Only one stretch of the data below is wanted: the lines from the one with "工作中,也有小驚喜。那是20" through the one with "行政处罚详情显示,三湘银行的", repeated exactly.

Dataset content.
········
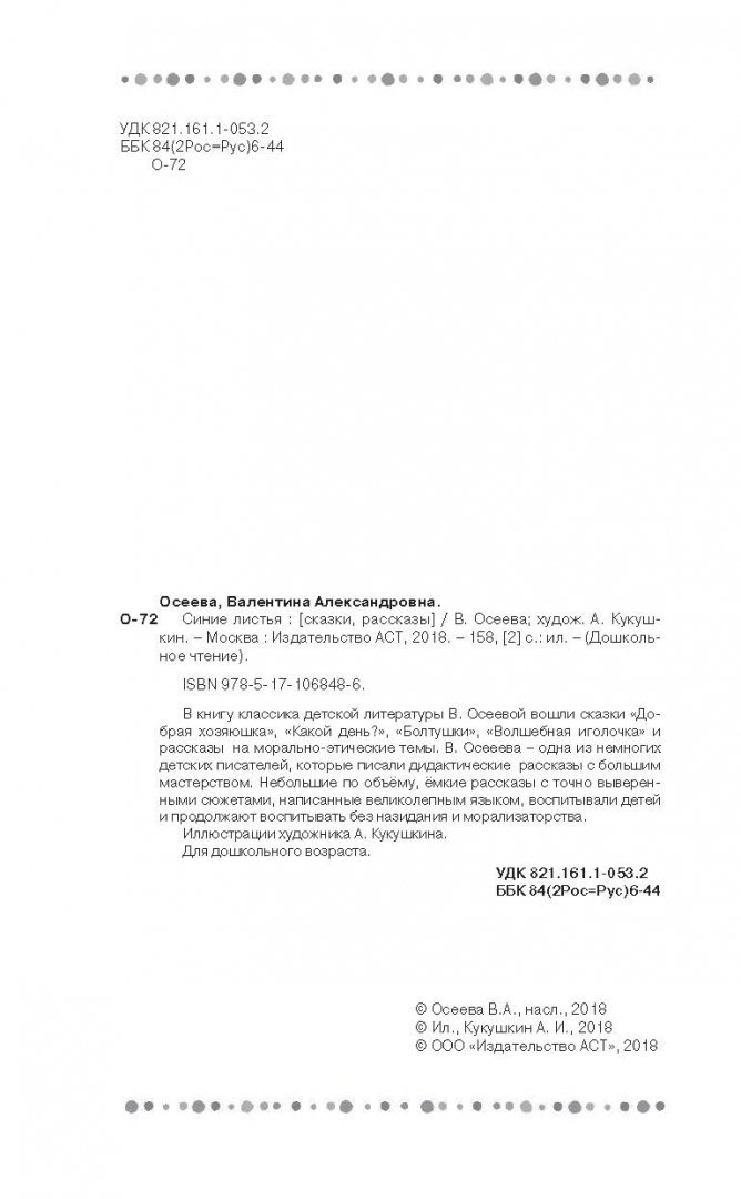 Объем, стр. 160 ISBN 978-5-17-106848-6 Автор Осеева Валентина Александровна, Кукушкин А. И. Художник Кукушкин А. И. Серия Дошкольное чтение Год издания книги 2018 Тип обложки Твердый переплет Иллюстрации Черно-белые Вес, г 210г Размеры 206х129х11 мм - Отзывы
········
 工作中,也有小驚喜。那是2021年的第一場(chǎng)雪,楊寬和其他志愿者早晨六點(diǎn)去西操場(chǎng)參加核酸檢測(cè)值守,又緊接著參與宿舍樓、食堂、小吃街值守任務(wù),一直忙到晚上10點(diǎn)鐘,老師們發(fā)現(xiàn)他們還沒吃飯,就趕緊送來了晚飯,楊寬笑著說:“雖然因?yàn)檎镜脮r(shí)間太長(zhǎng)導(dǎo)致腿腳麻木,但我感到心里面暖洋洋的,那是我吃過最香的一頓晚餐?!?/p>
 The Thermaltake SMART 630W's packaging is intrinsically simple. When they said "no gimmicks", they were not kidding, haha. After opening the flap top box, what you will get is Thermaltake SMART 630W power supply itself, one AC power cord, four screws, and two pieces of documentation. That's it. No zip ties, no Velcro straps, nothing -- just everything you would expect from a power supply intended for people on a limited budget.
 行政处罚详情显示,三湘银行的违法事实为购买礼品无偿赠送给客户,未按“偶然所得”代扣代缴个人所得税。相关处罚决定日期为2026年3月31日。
········
Solution.
 工作中,也有小驚喜。那是2021年的第一場(chǎng)雪,楊寬和其他志愿者早晨六點(diǎn)去西操場(chǎng)參加核酸檢測(cè)值守,又緊接著參與宿舍樓、食堂、小吃街值守任務(wù),一直忙到晚上10點(diǎn)鐘,老師們發(fā)現(xiàn)他們還沒吃飯,就趕緊送來了晚飯,楊寬笑著說:“雖然因?yàn)檎镜脮r(shí)間太長(zhǎng)導(dǎo)致腿腳麻木,但我感到心里面暖洋洋的,那是我吃過最香的一頓晚餐?!?/p>
 The Thermaltake SMART 630W's packaging is intrinsically simple. When they said "no gimmicks", they were not kidding, haha. After opening the flap top box, what you will get is Thermaltake SMART 630W power supply itself, one AC power cord, four screws, and two pieces of documentation. That's it. No zip ties, no Velcro straps, nothing -- just everything you would expect from a power supply intended for people on a limited budget.
 行政处罚详情显示,三湘银行的违法事实为购买礼品无偿赠送给客户,未按“偶然所得”代扣代缴个人所得税。相关处罚决定日期为2026年3月31日。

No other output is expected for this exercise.